L Sun1*, W Hu2 , W Hsi3 , (1) Fudan University Shanghai Cancer Center, Shanghai, Shanghai, (2) Fudan University Shanghai Cancer Center, Shanghai, ,(3) Shanghai Proton and Heavy Ion Center, Shanghai, China,


SU-H3-GePD-J(B)-4 (Sunday, July 30, 2017) 4:00 PM - 4:30 PM Room: Joint Imaging-Therapy ePoster Lounge - B

Purpose: To present availability analysis of an optical dosimeter image data response for modulated-scanning carbon-ion and proton beams during the routine quality assurance of the Siemens IONTRIS system.

Methods: An optical dosimeter using phosphor scintillation was developed to map and interactively analyze the shapes and sizes of spots for a Siemens modulated-scanning system. The pixel dose response to proton & carbon ion had been calibrated first.The dose response was further studied at 0.5cm depth of using uniform 10 cm square field of 6 different energy levels carbon-ion beams proton beams at IONTRIS system. Phosphor scintillation screen of the optical dosimeter was at the isocenter of these beams and at each energy level 7 different dose levels was delivered to the isocenter on the screen, after that all of visible fluorescence were collected by the DSLR camera to generate raw data file for each beam. ImageJ processing software was performed to get the visible fluorescence gray scale value.Analyze the data value and find out dose response curve to evaluate this system.

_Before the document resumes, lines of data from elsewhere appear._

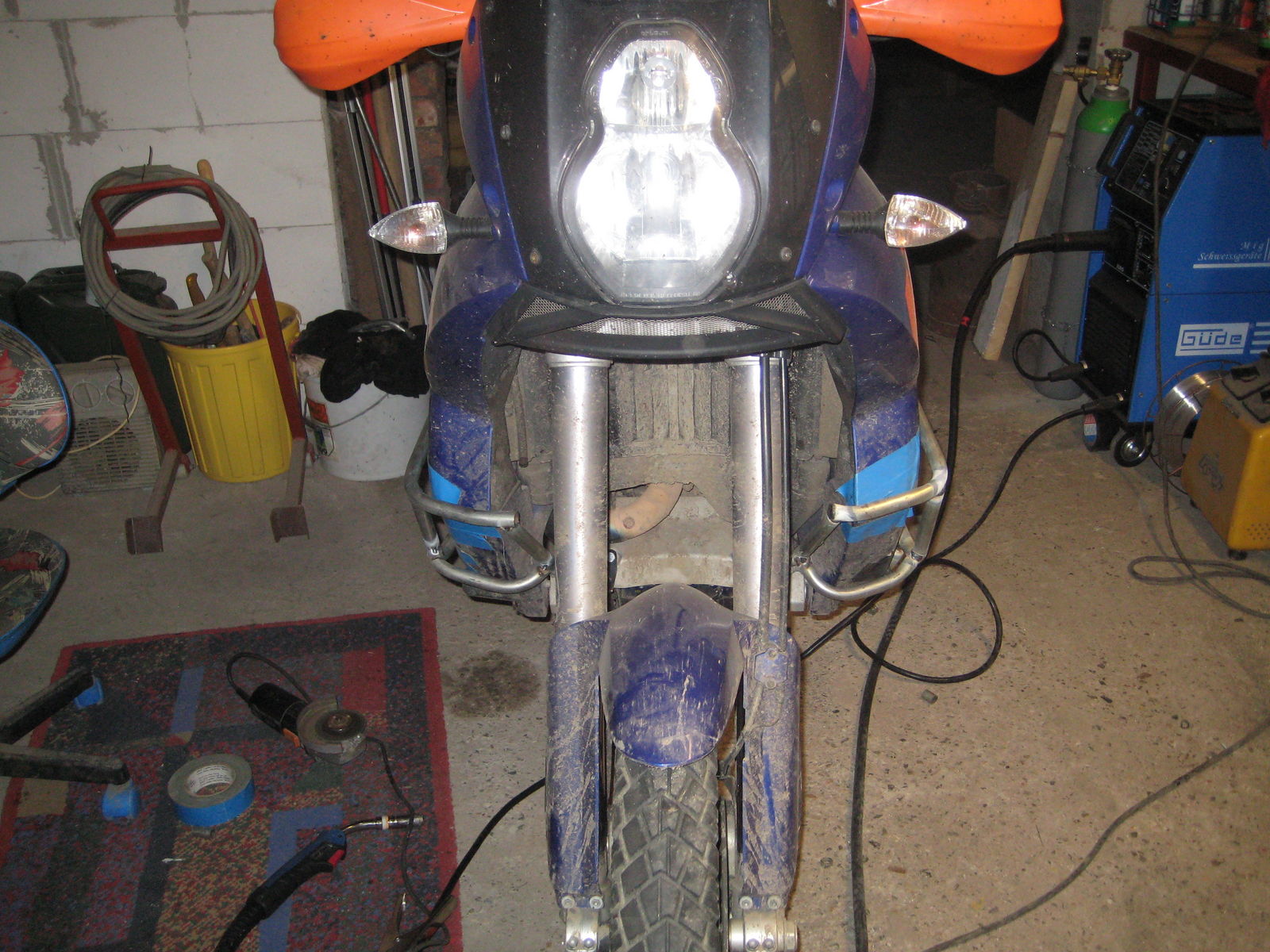 Wo Du doch gerade noch beim Schweißen bist, wäre es die Gelegenheit, ein Netz in die Bügel zu heften. Aufgewirbelte Steine und sonstiger Dreck fliegen dann nicht direkt durch bis auf den Tank.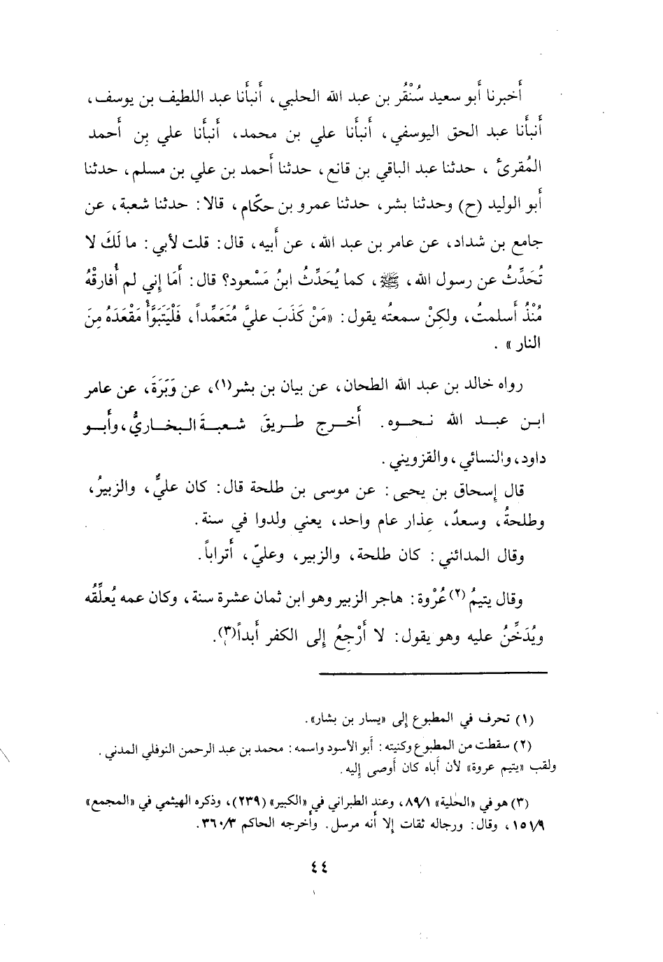 أَخْبَرَنَا أَبُو سَعِيْدٍ سُنْقُرُ بنُ عَبْدِ اللهِ الحَلَبِيُّ، أَنْبَأَنَا عَبْدُ اللَّطِيْفِ بنُ يُوْسُفَ، أَنْبَأَنَا عَبْدُ الحَقِّ اليُوْسُفِيُّ، أَنْبَأَنَا عَلِيُّ بنُ مُحَمَّدٍ، أَنْبَأَنَا عَلِيُّ بنُ أَحْمَدَ المُقْرِئُ، حَدَّثَنَا عَبْدُ البَاقِي بنُ قَانِعٍ، حَدَّثَنَا أَحْمَدُ بنُ عَلِيِّ بنِ مُسْلِمٍ، حَدَّثَنَا أَبُو الوَلِيْدِ (ح) .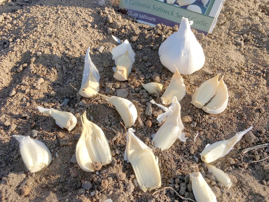 Plant the cloves in the fall about six weeks before the ground freezes in cold climates and late fall or early winter in warmer regions. Space individual cloves six inches apart with the pointed side up and the base of the clove two to three inches below the soil surface. Space single rows 12 to 14 inches apart or double rows six inches apart with 30 inches between each set of double rows. For more intensive wide row and square foot growing, plant multiple rows with four to eight inches between cloves.

Results: Similar dose responses were observed for high and low energy carbon ion and proton beams. When the DSLR device measurement condition was lens aperture3.5 and ISO100, the mean gray scale values of 0.25Gyto5Gy for each carbon Ion energy levels were from 8987.25 to 62313.41, and for each proton energy levels were from 3243.91 to 45754.16 respectively. The variation of gray scale values was within approximate linear relationship for both proton beams and carbon ion beams.

Conclusion: During the routine QA of a modulated-scanning ion beam facility, the optical dosimeter could efficiently measure the dose response below 5Gy and substantial no obvious energy dependence for different energy levels. So this device could become a replacement of the traditional film exposure method for dose response measurement in facility quality control workflow.